Data to examine »
+ + +
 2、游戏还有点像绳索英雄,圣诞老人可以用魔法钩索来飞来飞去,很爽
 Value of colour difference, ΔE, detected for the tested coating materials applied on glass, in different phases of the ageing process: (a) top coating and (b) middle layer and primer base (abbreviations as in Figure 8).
+ + +
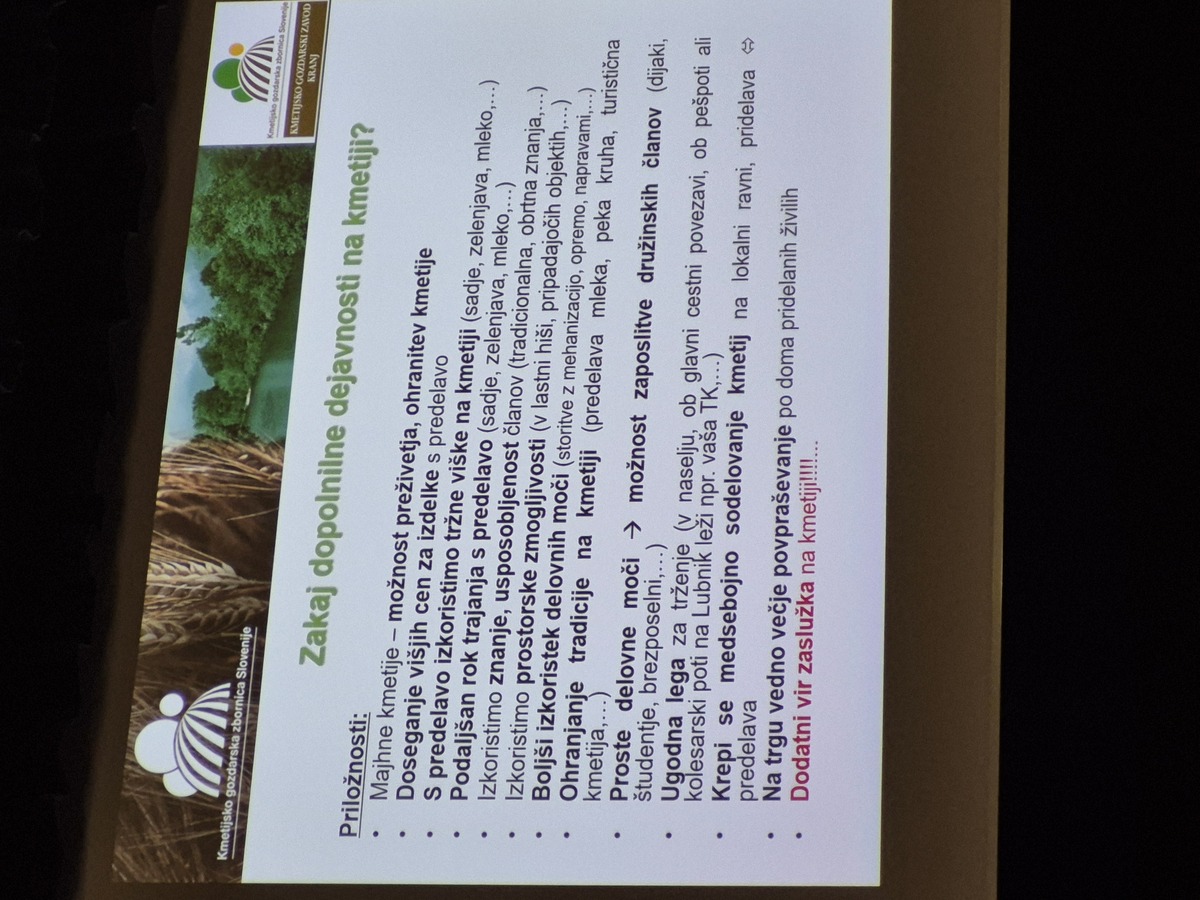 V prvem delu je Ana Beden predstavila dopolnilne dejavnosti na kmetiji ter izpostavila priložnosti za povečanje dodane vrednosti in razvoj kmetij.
+ + +
What you need to do »
Copy word for word the stretch of entries above from the line that has "2、游戏还有点像绳索英雄,圣诞老人可以用魔法钩索来飞来飞去,很爽" through the line that has "Value of colour", both ends included, and nothing outside it.

Worked solution »
 2、游戏还有点像绳索英雄,圣诞老人可以用魔法钩索来飞来飞去,很爽
 Value of colour difference, ΔE, detected for the tested coating materials applied on glass, in different phases of the ageing process: (a) top coating and (b) middle layer and primer base (abbreviations as in Figure 8).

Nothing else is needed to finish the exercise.